Homélie prononcée
par Monseigneur Laurent Camiade,
évêque de Cahors,
lors de la fête à Vaylats (France)
le 20 août 2017.
L’Évangile de la cananéenne n’est pas le plus facile à comprendre. Sans doute faut-il d’abord accepter d’être scandalisés par lui.
Jésus serait-il raciste ? L’Évangile ne craint pas, en tout cas, de laisser planer cette ambiguïté. Une étrangère se présente à lui, une cananéenne, dans un contexte où il y a encore des tensions fortes entre les juifs et les cananéens. Ces peuples n’ont ni les mêmes croyances ni les mêmes modes de vie. Des parallèles trop appuyés avec l’actualité seraient sans doute exagérés, mais quand nous voyons ce qui se passe dans notre monde, la violence et les difficultés de vivre ensemble entre populations de cultures différentes, nous pouvons facilement imaginer que la relation entre Juifs et Cananéens était difficile. Jésus est Dieu fait homme, comme Dieu il porte un regard plus élevé sur les querelles entre civilisations, mais comme humain, il se laisse animer aussi par certaines pulsions de rejet que nous connaissons nous aussi. Mais s’il fait cela, ce n’est pas pour céder au premier mouvement de son affectivité, c’est précisément pour nous montrer un chemin pour dépasser certains de nos instincts.
C’est très important de voir que l’Évangile ne fait pas comme si l’instinct de rejet n’existait pas dans l’homme. Il existe en nous des réflexes ethniques qui ont aussi leur sens, le sens très naturel de la protection de sa propre famille, de la défense de son groupe humain, de la survie de sa patrie, de son peuple. On ne peut pas, de manière simpliste, affirmer que toute l’humanité serait déjà capable, sur la terre, de ne faire qu’une seule communauté paisible. C’est vers cette direction que le Christ nous conduit, mais il ne fait jamais comme si c’était déjà réalisé ici-bas. Lui-même, quitte à choquer notre idéalisme, n’hésite pas à exprimer les premiers mouvements de son affectivité.

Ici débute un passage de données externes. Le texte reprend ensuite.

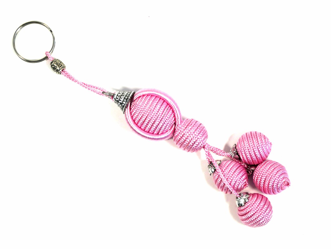 Portes-clés totalement fabriqué à la main par un artisan qui a soigné sa finition en introduisant des pompons et en choisissant un beau rose clair qui saura vous plaire.

Autour de lui, les disciples le poussent à renvoyer carrément cette femme qui le poursuit de ses cris. Mais, nous pouvons voir qu’il ne suit pas non plus cette direction du rejet. Il part de ce qu’il est, au milieu d’un groupe humain particulier, celui où il s’est incarné, le peuple juif, et il exprime ce qui a du sens pour ce groupe : les juifs sont le peuple élu. Donc il dit “je n’ai été envoyé qu’aux brebis perdues de la maison d’Israël”. C’est, jusque-là, ce qui apparaissait. Mais Jésus, en affirmant cela, ne dit pas à la femme de partir, il ne la chasse pas. Il pose simplement le problème, la difficulté qui freine, en apparence, la possibilité de leur rencontre. Jésus est venu accomplir le destin du peuple juif. C’est à partir de là qu’il va sauver tous les hommes, mais en acceptant la condition particulière qu’implique l’incarnation : il est juif, parmi les juifs, se comportant comme un juif. L’incarnation fait aussi de lui un homme, au masculin, il n’a pas en lui toute la richesse affective dont l’humanité est capable et il veut sans doute avoir besoin de cette femme pour exprimer de manière plus complète son projet de Salut. Bien qu’il soit le Fils de Dieu et, comme tel, il sait déjà tout ce qui va se produire, il la laisse répondre, il donne à cette femme une place dans le débat.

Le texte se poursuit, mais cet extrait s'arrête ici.